The government must learn from years of experience introducing digital transformation if the UK is to make the most of the opportunities AI offers to the public sectorThe United Kingdom is currently in the throes of a transformative period, shaping the future of the public sector’s artificial intelligence (AI) capabilities for generations to come. The visible aspects of this transformation, such as the rollouts of Copilot, the establishment of foundation model partnerships, and the signing of high-profile contracts, are already well underway. However, the less conspicuous aspects of this transformation, such as the development of procurement capabilities, the cultivation of a diverse supply base, and the establishment of shared standards, are equally crucial. These elements will determine our ability to adapt as AI technology continues to evolve.
We have made significant strides in the first half of this task. However, the second half is what will determine whether the initial efforts bear fruit. This is what we refer to as the “silent lock-in” trap. It is the gradual accumulation of AI capabilities on top of infrastructure, management practices, and governance approaches that are individually defined, poorly coordinated, and mismatched to the rapid pace of technological change.
Despite the diligent efforts of individuals and teams to procure and experiment with emerging AI capabilities, the pieces are not fitting together as they should. So, how can we learn from the experiences of the past decade’s digital transformation to accelerate the UK’s adoption of AI? This is the central theme of the book, “Making AI work for Britain,” published by London Publishing Partnership and available for download at FutureOfAI.uk under an open-access license.
The book, based on several years of research into the UK’s AI strategy and ecosystem, and over a decade of experience working with the UK government on digital transformation, proposes a simple strategy for AI success – consolidate demand, diversify supply. The following is a summary of three key recommendations from the book: Build buyers who can push back; pool demand that is already shared; and keep the supply side plural.
The challenge of creating smart buyers is easy to articulate but difficult to solve. AI suppliers, especially the larger ones, often make claims that require significant technical expertise to evaluate. These claims pertain to aspects such as training data provenance, model behaviour under distribution shift, security properties of the fine-tuning pipeline, and interoperability with alternative providers.
Traditional procurement functions were designed to assess claims like, “this system meets this specification” and “this supplier has these references.” They were not designed to assess claims like, “this model will remain useful as underlying capabilities change.”

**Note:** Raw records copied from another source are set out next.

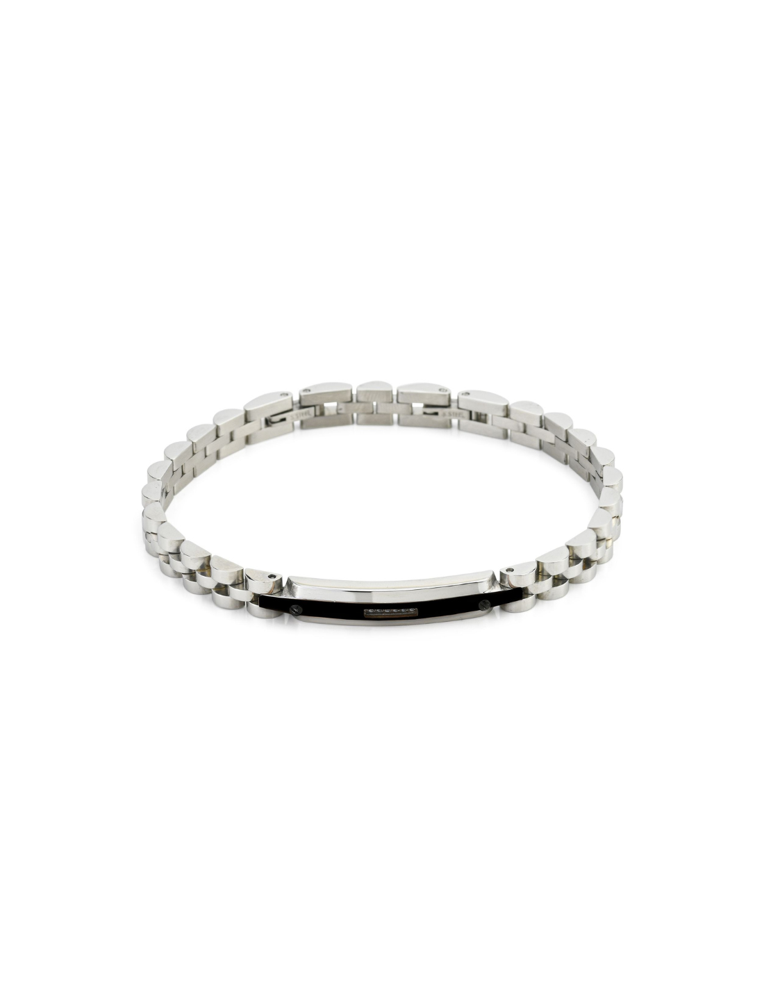 Bracciale modulare in acciaio 316L anallergico, con centrale in PVD nero o placcato oro rosa impreziosito da zirconi bianchi. Un gioiello dallo stile contemporaneo e maschile, che unisce forza e raffinatezza.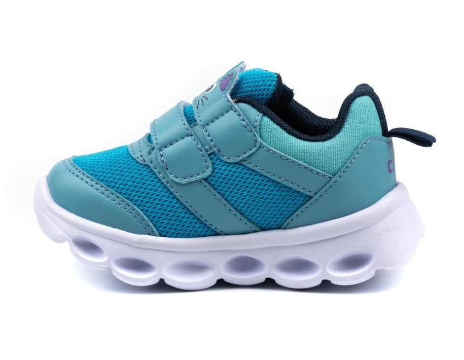 Adidasi cu leduri copii, pentru joaca, modelul Caty este fabricat din textil si material sintetic, atat la interior, cat si la exterior. Tenisii cu led sunt extrem de usori, iar talpa are LED-uri si lumineaza usor cu fiecare pas pe care il fac micutii.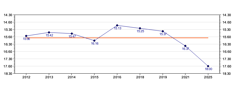 Antall deltagelser9 (i perioden 2012 - 2025)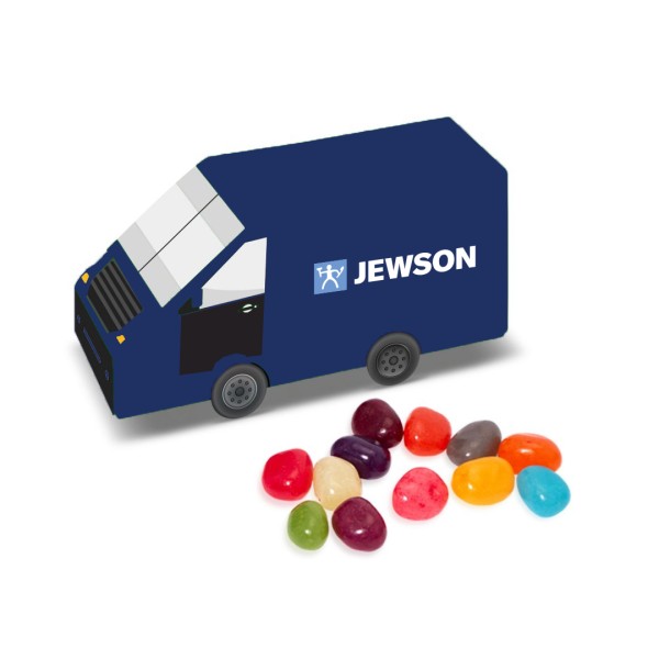 Eco Van Box with Jelly Bean Factory beans. This box is made from sustainably sourced packaging, and can be composted/recycled. Made in the UK.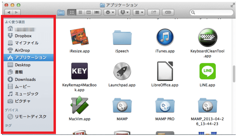 ※サイドバー…Finderの左側に表示される灰色の部分です。▼

The smart-buyer model does not necessitate building deep AI expertise in every department. Instead, it requires each organisation that spends significantly on AI to have a small core of people who can sit opposite a vendor and understand what they are looking at. This core needs three things – technical understanding, commercial acumen, and the ability to influence the wider organisation.
In conclusion, the UK’s journey towards shaping the public sector’s AI capabilities is a complex one, fraught with challenges and opportunities. The success of this journey will depend on our ability to learn from past experiences, adapt to changing technologies, and build a robust procurement capability. The silent lock-in trap can be avoided by consolidating demand, diversifying supply, and building smart buyers who can push back. The future of AI in the UK’s public sector hinges on these critical factors.